His first season was a strong 8–1–1 performance, the first winning season for the school since 1893.[52] One source relates: "The real feature of the season was the marvelous advance made by the Georgia School of Technology which burst from fetters that kept it in the lowest class for ten years."[59] His team posted victories over Georgia, Tennessee, University of Florida at Lake City, and Cumberland, and a tie with his previous employer, Clemson. He suffered just one loss, to another first year coach, Mike Donahue of Auburn. The 1905 team went 6–0–1,[60] and Heisman gained a reputation as a coaching "wizard".[61]
In 1906 the rules committee legalized the forward pass, for which Heisman was instrumental.[2] The 1906 team beat Auburn for the first time. Stars of this early period for Tech included Lob Brown and Billy Wilson.[62][63] The 1907 and 1908 teams were led by Chip Robert and "Twenty Percent" Davis, who was captain in 1909.[60]
The team continued to post winning records but with multiple losses each season. The 1911 team featured future coach William Alexander as a reserve quarterback,[64][65] and was captained by Pat Patterson.[60] Alf McDonald made an All-Southern team in 1912,[66] and the team moved to Grant Field from Ponce de Leon Park (where the Atlanta baseball team also played) by 1913.[67]
1915–1918
From 1915 to 1918 Georgia Tech went 30–1–2 and outscored opponents 1611 to 93. The 1915 team was immediately dubbed the greatest in Tech's history.[68][69] One writer claimed the 1916 team "seemed to personify Heisman".[70] This was the first team to vault Georgia Tech to national prominence.[65] In a game played in Atlanta in 1916, Heisman's Georgia Tech squad defeated the Cumberland College Bulldogs, 222–0, in the most one-sided college football game ever played. Heisman's running up the score against his out-manned opponent was supposedly motivated by revenge against Cumberland's baseball team for running up the score against Tech 22–0 the previous year with a team primarily composed of semi-pro players, and against sportswriters he felt were too focused on numbers.[71]

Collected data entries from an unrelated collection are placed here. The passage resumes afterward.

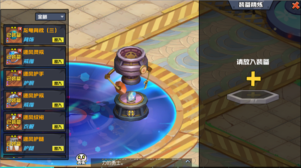 在点击精炼的一瞬间,精炼炉就瞬间出现在天城中央。此时,只需要选择一样自己心仪的装备放入即可。
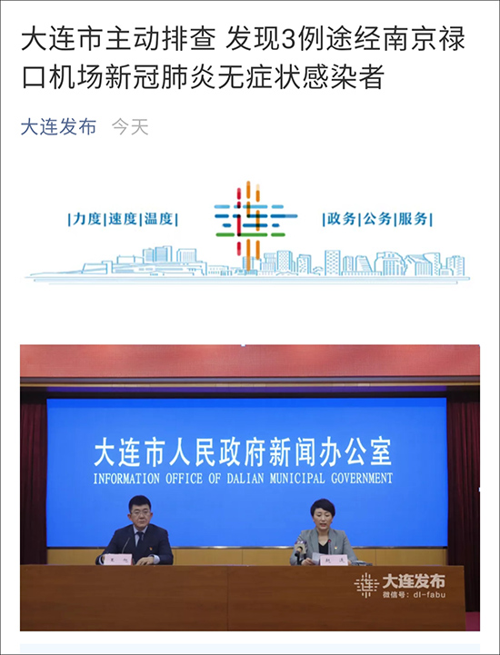 大連新增3例本土無症狀,為大連市排查南京來返遼人員中發現
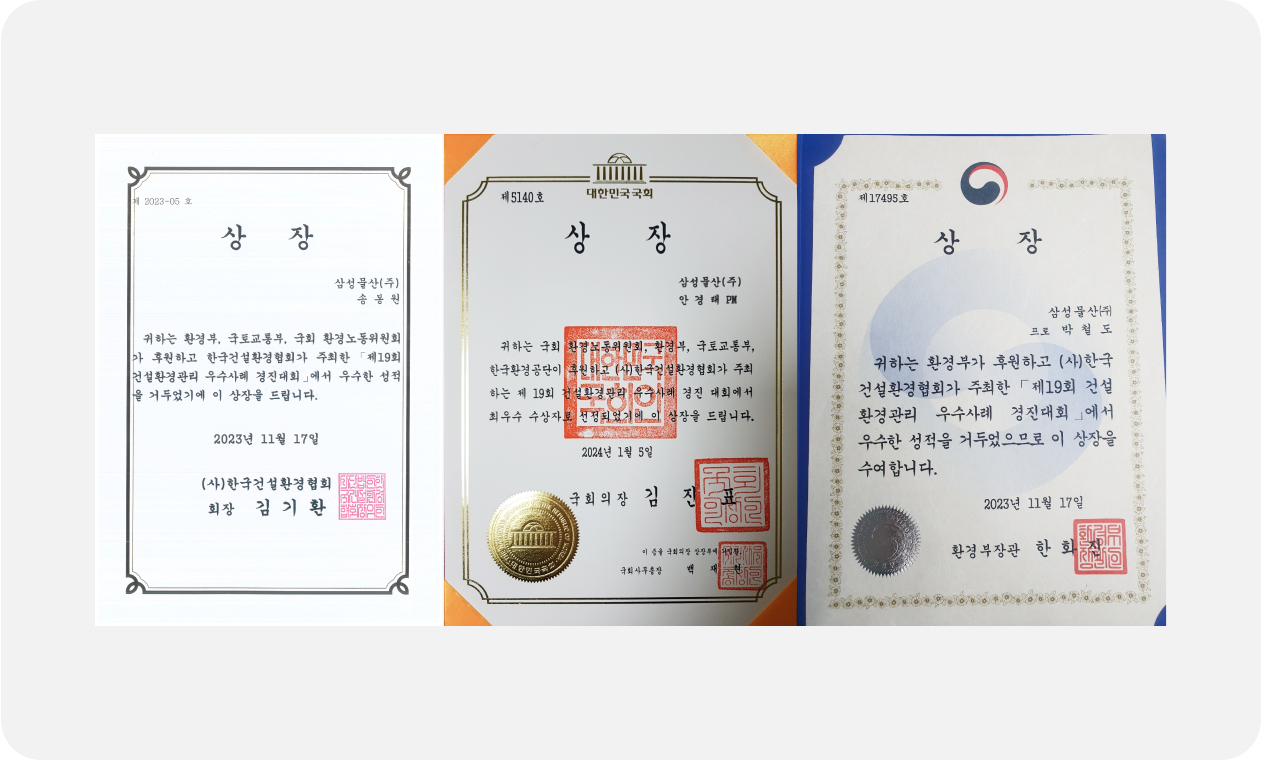 삼성물산 건설부문은 매년 한국건설환경협회가 주최하고 국회환경노동위원회, 환경부, 국토교통부가 후원하는 「건설환경관리 우수사례 경진대회」에서 우수한 성과를 얻고 있습니다. 건설공사 중 발생할 수 있는 환경 및 에너지 영향을 저감하기 위해 친환경 기술 및 공법을 적용하고, 환경오염의 억제 또는 차단을 위한 환경시설물을 강화하는 등 건설현장 환경관리 우수사례를 지속적으로 발굴하여 전파하고 있습니다.
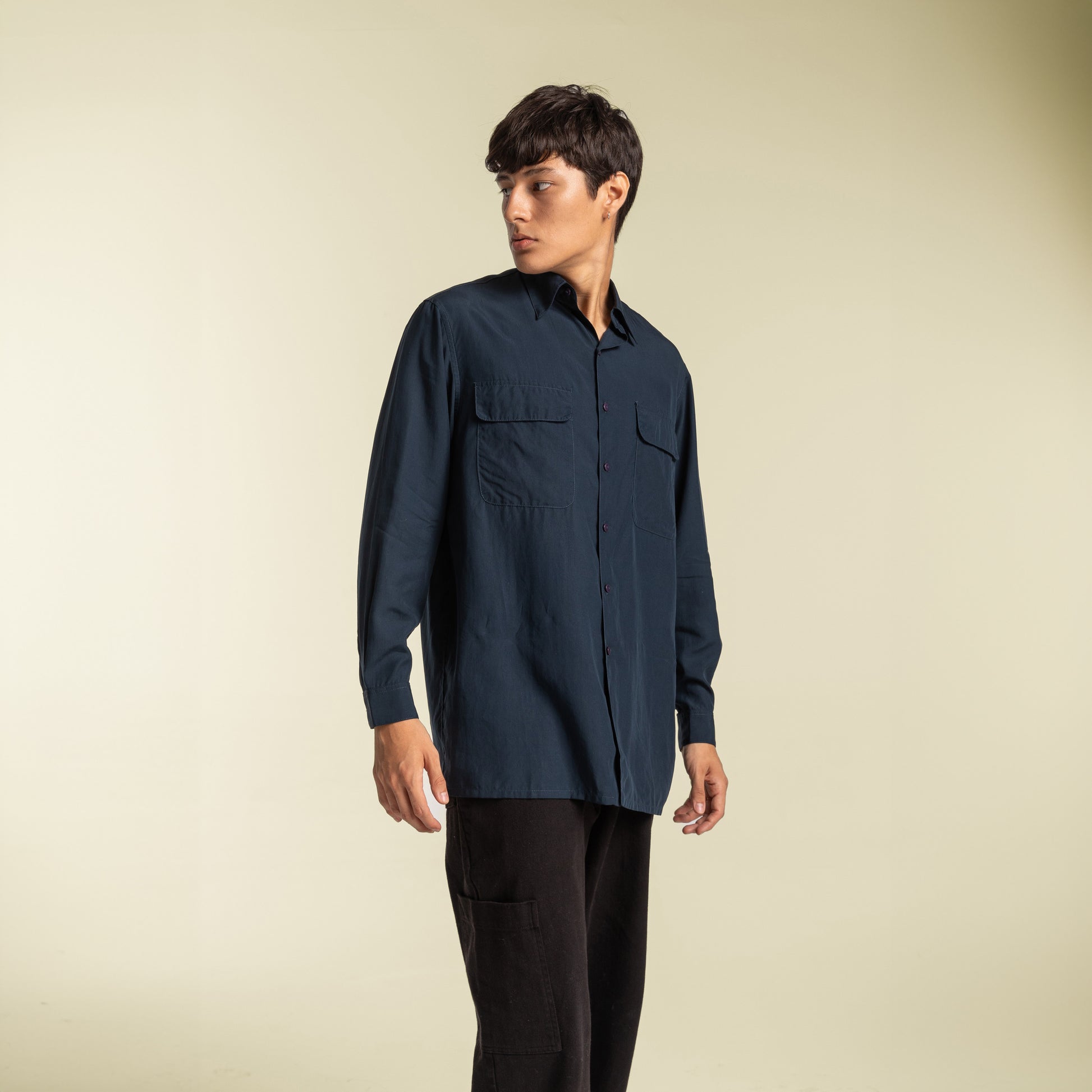 The Luwah button-front shirt is styled with a pointed collar, chest flap pockets, and a regular fit.
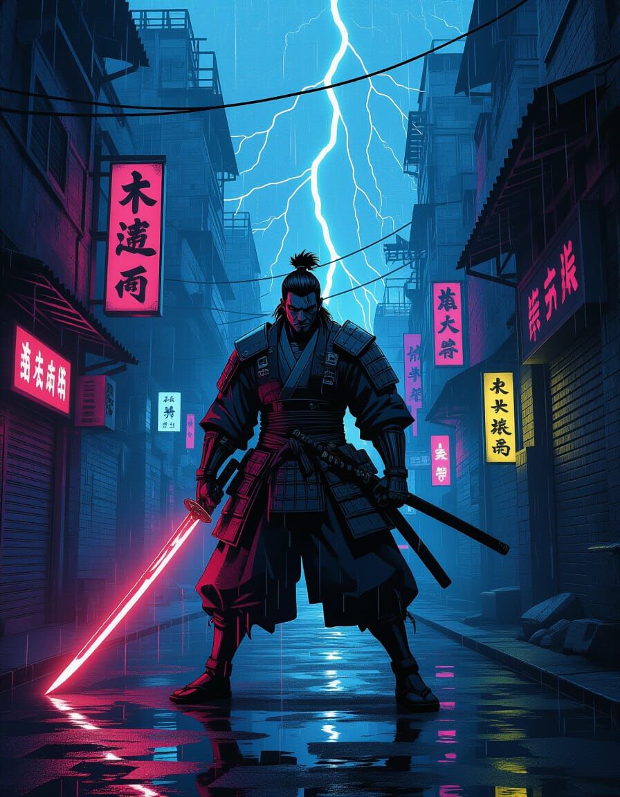 This image depicts a comic book cover of a cyberpunk samurai facing a shadowy bio-mechanical enemy. Rendered in a stark, high-contrast style with moody linework, it captures a dramatic, rain-soaked confrontation.
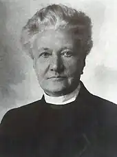 Back in England, Brodrick entered College Hall, London in 1888 where she studied at University College London under Stuart Poole (co-founder with Amelia Edwards of the Egypt Exploration Society) and Peter le Page Renouf. She did not enter for a University of London degree due to her prior studies.[6] She was a member of the Committee of Philology and Literary Archaeology of the World's Columbian Exposition in Chicago 1893 and did work in America for the Egyptian Exploration Fund. She was awarded the degree of Doctor of Philosophy in 1893 by the College of the Sisters of Bethany, University of Kansas, the same institution that had also awarded a PhD to Amelia Edwards.[6][7] She lectured at the British Museum and studied Egyptology under Flinders Petrie in 1893–94 and 1894–95.[5] She held the Pfeiffer Fellowship of College Hall from 1894 to 1896. In 1896, she was elected a life member of the Bibliothèque nationale, Paris, and a life member of College Hall, London.[6]
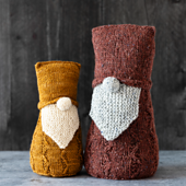 Like all gnomes in this book, Gnarley is shown in both fingering and DK weight yarn. Gauge, needle information, height, and yardage details are provided for both in the book. Check out the "Chart of Everything" in the photos.
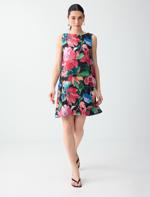 • Bayan Siyah Keten Karışımlı Çiçek Desenli Kayık Yaka Mini Elbise
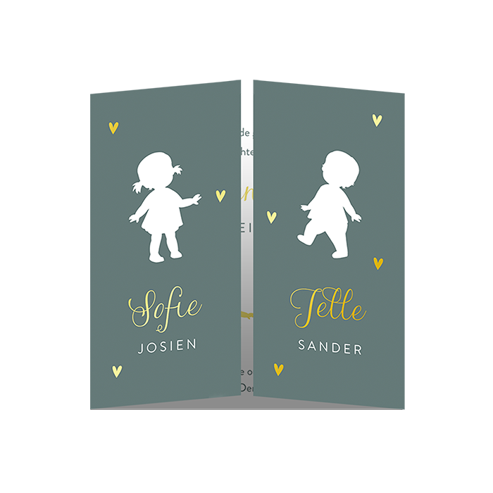 Stijlvol geboortekaartje voor een jongen en meisje. Dit tweeluik voor een tweeling opent in het midden en toont twee silhouetten – één van een jongetje en één van een meisje – met hun namen in glanzende goudfolie.

In 1917, the backfield of Everett Strupper, Joe Guyon, Al Hill, and Judy Harlan helped propel Heisman to his finest success, a national championship, the first for a southern team. The team produced the first two players from the Deep South ever selected All-American: Strupper and team captain, tackle Walker Carpenter.[72] Heisman challenged Pop Warner's undefeated Pittsburgh team to a decisive national championship game, but he declined. In the next season of 1918, after losing several players to World War I, Tech lost a lopsided game to Pitt 32–0. Historian Francis J. Powers wrote:
At Forbes Field, the dressing rooms of the two teams were separated only by a thin wall. As the Panthers were sitting around, awaiting Warner's pre-game talk, Heisman began to orate in the adjoining room. In his charge to the Tech squad, Heisman became flowery and fiery. He brought the heroes of ancient Greece and the soldier dead in his armor among the ruins of Pompeii. It was terrific and the Panthers sat, spellbound. When Heisman had finished, Warner chortled and quietly said to his players: 'Okay, boys. There's the speech. Now go out and knock them off.'[73]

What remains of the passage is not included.